第四十四話 青画と望月
「いいかい望月、我々月読は天河家を守るために存在しているんだ。だから常に己を鍛え続けなくてはならない」
「ですが父上……当主様はとても強いのですよね?」
天河家の直系はほぼ例外なく強力な異能を有している。代々月読を率いる灰原家当主であっても異能を使われたらまず勝負にならないと聞く。
「そうだな、たしかに強い。だが同時に人間だ、命は一つしかないし目は二つしかない。食事や睡眠を取らなければ死んでしまう。それに――――本人は無事だったとしても周りの人間はそうではない。大切な人を失えば心が死ぬこともあるのだからね」
「どんな人間にも弱点はある……ということでしょうか?」
灰原家の人間は、物心ついた頃から月読として育てられる。戦闘術、諜報術はもちろん、薬や毒の知識、あらゆる状況を想定して訓練が施されるのだ。
「そうだ、そして――――それは我々にも同じことが言える。だからこそ日々の積み重ねが大事なのだ。何かあってから後悔するようなことになっては取り返しがつかないからね」
当主とそのご家族が事故にあったことは聞いていたが、はっきり言えば実感が無かった。それでも――――普段感情を見せない父が、後悔と苦渋に満ちた表情を見せたことで、ことの重大さが伝わってきた。
「望月、青画さまのことは知っているな?」
「はい、もちろんです」
天河家当主の長男、天河 青画さま。お会いしたことはないが、情報は叩きこまれているので、知らないことはないくらいよく存じ上げている。おそらくはご本人よりも。
「……今、天河家は危うい状況だ。黒乃さまが当主になられたがまだ幼い。この状況で敵対的な勢力が動く可能性もある。望月、お前には青画さまの護衛を頼みたい、出来るな?」
青画さまと私は年齢も近く、一緒に行動していても不自然ではない。もちろん月読が周囲を固めているが、やはりすぐ近くで護衛する者が必要になる。

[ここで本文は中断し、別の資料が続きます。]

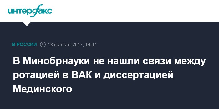 Ранее Минкультуры переадресовало в Минобрнауки вопрос об изменении состава ВАК и возможной связи этого с ситуацией вокруг диссертации министра культуры Мединского в Минкультуры.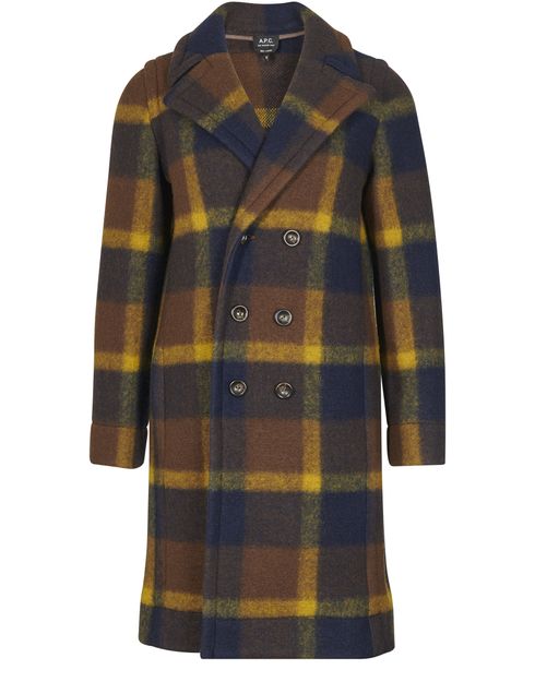 The Jane coat is designed by APC. This piece with a longline cut combines a button closure and lapel collar. It is enhanced by its large check print.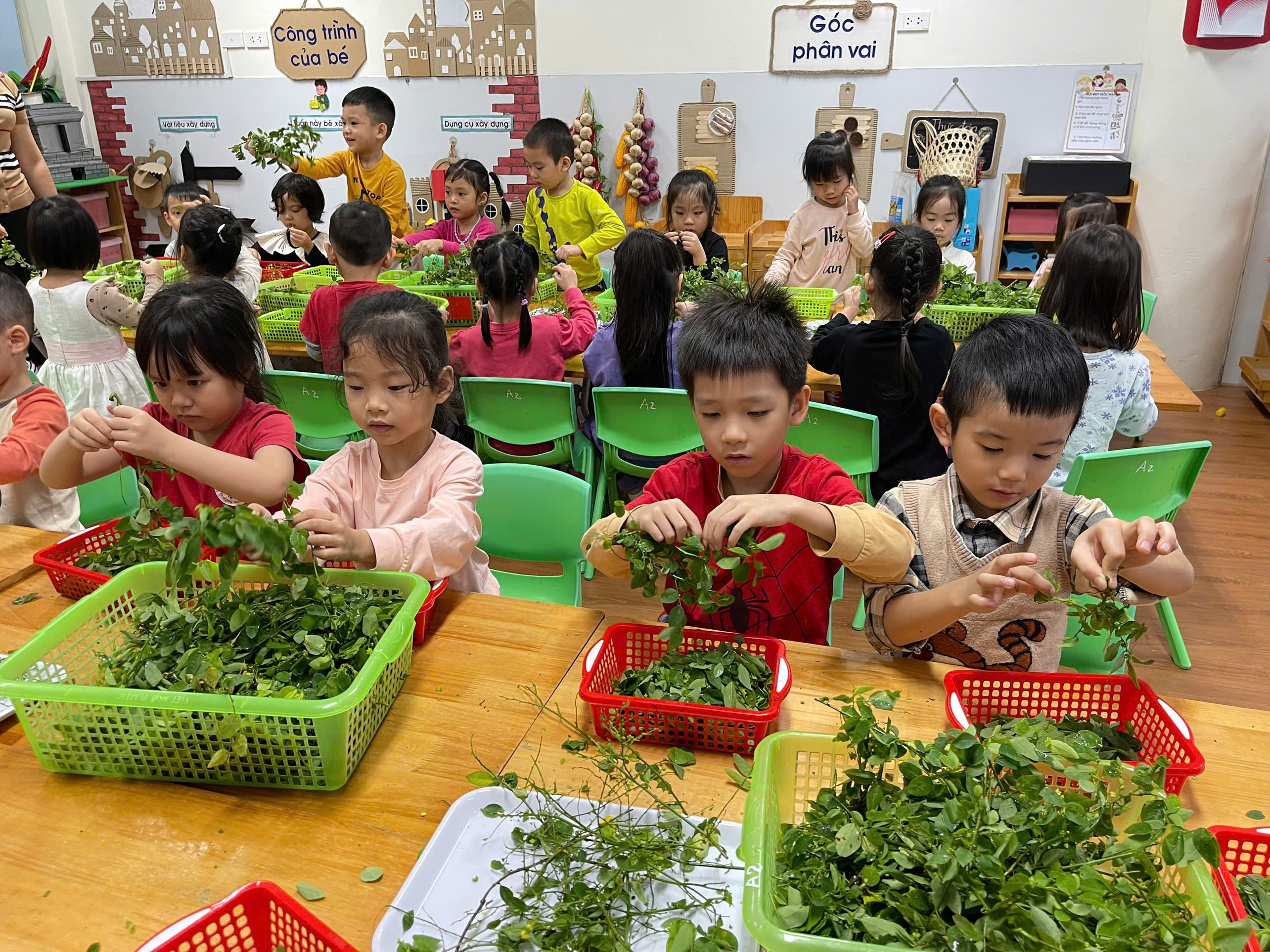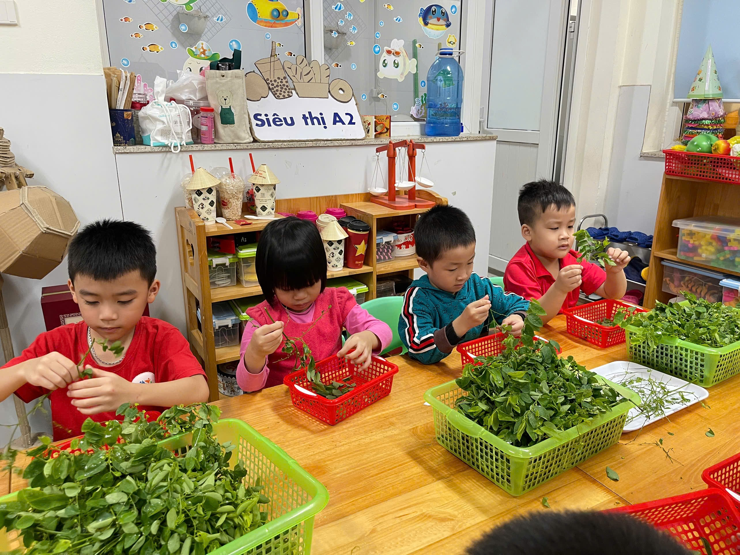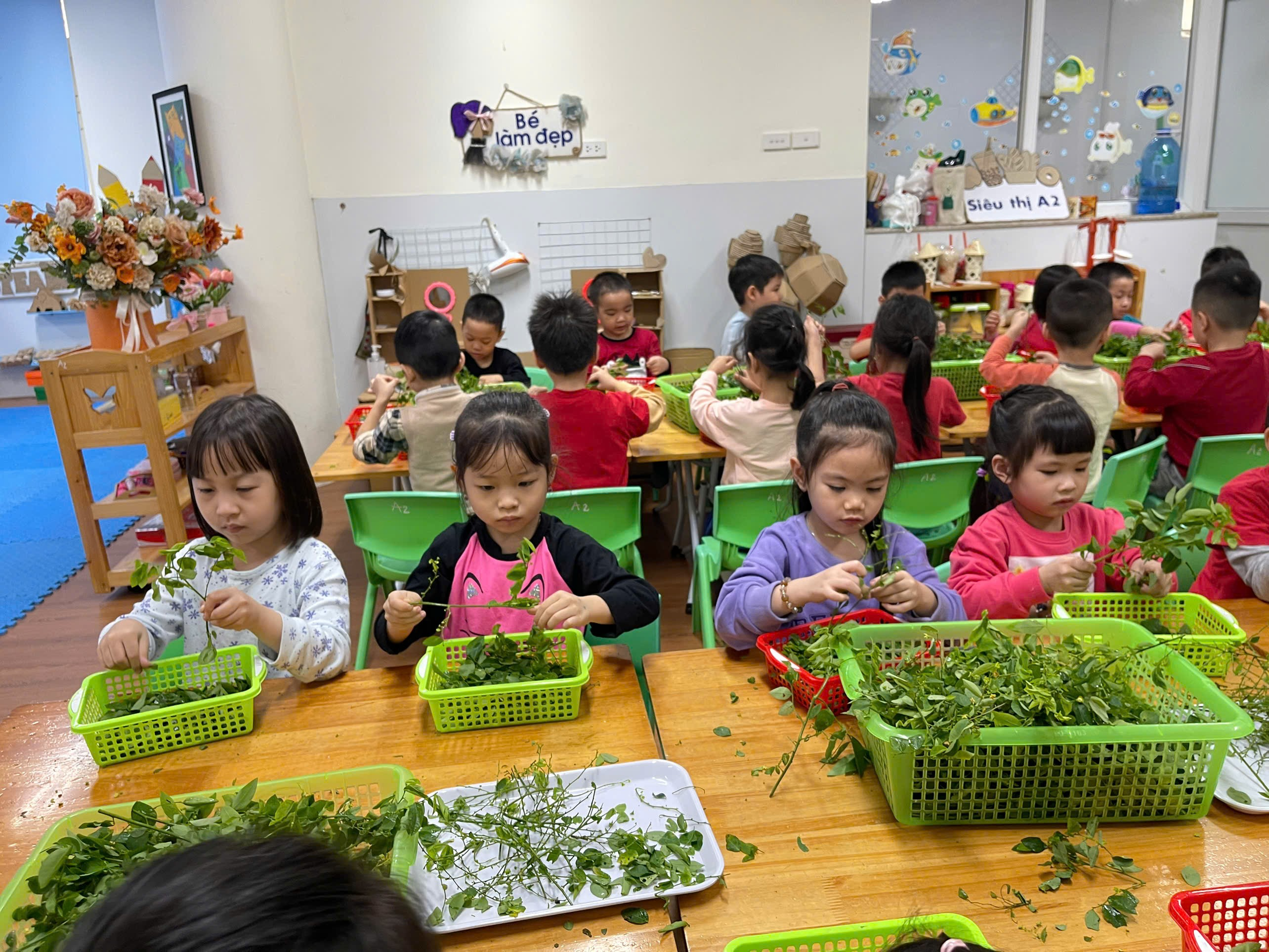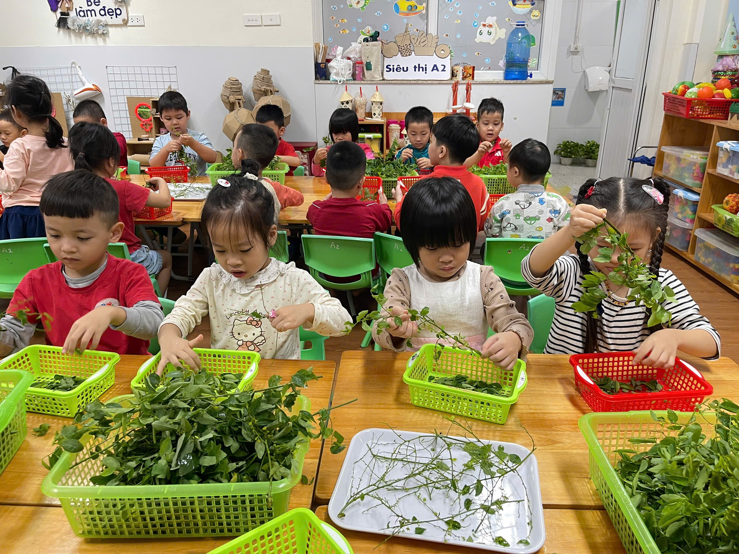 “Bé tập làm nội trợ” là 1 hoạt động rất vui và bổ ích trong trường mầm non. Đôi bàn tay nhỏ xinh ngoài việc cầm bút, vẽ tranh, xúc cơm… , hôm nay các bạn nhỏ lớp A2 còn sử dụng đôi bàn tay của mình tuốt rau ngót. Tuổi nhỏ làm việc nhỏ, các bạn ấy biết thêm về tên gọi, đặc điểm của rau ngót… Để nấu được loại rau này, cần phải tuốt rau thật sạch khỏi cuống rau rồi rửa sạch. Với người lớn thì không có gì là khó khăn nhưng với các bạn nhỏ thì đây quả là một trải nghiệm thú vị😊 .Qua bài học này, các con đã biết cách cầm, tuốt những chiếc lá sau đó bỏ gọn gàng vào trong rổ và các món ăn được nấu từ rau ngót. Vì vậy, giờ đây bố mẹ có thể nhờ các con nhặt rau cùng chuẩn bị bữa cơm gia đình.

いざという時には――――身体を投げ出してでも盾になれる者が。
私はまだ未熟だが、周囲の大人に混じって訓練を受けている。身体的な不利を補うだけの知識と技術もある。
「はい、出来ます」
正直、主のためとか忠誠心とかそういうことはよくわからない。ただ、ようやく自分が役に立てるのだという強い高揚感に突き動かされただけ。
「ふーん……あれが青画さまか……」
もちろん写真や動画で知ってはいるけれど、リアルタイムで自分の眼で確認するのとは情報の質が違う。保存された時点でその情報はすべて過去になるからだ。

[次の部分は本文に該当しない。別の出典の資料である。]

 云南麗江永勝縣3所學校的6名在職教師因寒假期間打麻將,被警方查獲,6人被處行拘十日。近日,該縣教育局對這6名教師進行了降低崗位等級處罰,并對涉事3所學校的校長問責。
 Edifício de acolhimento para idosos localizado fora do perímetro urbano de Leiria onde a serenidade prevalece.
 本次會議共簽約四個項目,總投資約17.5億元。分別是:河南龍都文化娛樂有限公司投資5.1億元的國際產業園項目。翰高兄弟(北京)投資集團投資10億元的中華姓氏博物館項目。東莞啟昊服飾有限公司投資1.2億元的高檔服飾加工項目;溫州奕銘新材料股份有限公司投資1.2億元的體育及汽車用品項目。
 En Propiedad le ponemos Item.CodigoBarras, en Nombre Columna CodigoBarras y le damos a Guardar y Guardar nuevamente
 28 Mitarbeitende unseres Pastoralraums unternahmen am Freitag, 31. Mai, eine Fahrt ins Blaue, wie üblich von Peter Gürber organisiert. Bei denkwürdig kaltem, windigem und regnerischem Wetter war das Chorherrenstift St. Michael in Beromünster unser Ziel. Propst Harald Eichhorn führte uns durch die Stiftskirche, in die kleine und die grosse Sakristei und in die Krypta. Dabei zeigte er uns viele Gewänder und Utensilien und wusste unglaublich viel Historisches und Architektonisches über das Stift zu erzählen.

特に――――青画さまの場合は昨日の情報ですらあてにならない。とにかく成長速度が尋常ではないのだ。
「この目で見ていても信じられない……」
早朝から始まる訓練は、意識を失って倒れ込むように眠るまで続く。しかもその訓練の合間にもあり得ない量の勉強もこなしている。
それだけではない。姉の食事だけでなく身の回りの世話、幼い妹の面倒までみている。メイドに任せることも出来るはずなのに、なぜかそれをしないのだ。

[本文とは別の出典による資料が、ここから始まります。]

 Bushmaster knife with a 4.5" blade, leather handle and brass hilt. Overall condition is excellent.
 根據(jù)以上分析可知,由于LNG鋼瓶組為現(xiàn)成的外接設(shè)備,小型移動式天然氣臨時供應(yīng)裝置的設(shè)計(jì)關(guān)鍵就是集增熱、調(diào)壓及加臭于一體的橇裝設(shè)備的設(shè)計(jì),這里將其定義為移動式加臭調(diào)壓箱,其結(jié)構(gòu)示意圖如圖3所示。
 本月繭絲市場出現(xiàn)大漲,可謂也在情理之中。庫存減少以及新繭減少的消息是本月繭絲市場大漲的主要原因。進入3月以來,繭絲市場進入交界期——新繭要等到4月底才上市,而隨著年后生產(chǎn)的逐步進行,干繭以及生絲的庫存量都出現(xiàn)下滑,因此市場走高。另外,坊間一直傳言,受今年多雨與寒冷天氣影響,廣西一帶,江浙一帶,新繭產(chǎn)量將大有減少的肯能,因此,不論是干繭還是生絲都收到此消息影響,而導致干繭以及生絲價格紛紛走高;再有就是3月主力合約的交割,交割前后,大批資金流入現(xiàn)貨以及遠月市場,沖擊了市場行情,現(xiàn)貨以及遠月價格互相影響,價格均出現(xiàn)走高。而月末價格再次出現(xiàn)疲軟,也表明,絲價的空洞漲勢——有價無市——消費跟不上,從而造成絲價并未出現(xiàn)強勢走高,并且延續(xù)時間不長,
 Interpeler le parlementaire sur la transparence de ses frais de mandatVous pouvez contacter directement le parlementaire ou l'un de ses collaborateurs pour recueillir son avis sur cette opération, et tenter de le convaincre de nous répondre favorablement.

先代様の方針で、青画さまは一般の小学校へ通っている。これは社会一般常識を養うためのものだが、メリットばかりではなく当然リスクもともなう。そこで学校内での護衛が私に与えられた任務となるわけだが、不特定多数が出入りする学校での警護は困難を極める。天河家から派遣された教諭らと連携して不審な人物がいないかのチェックも随時行わなければならない。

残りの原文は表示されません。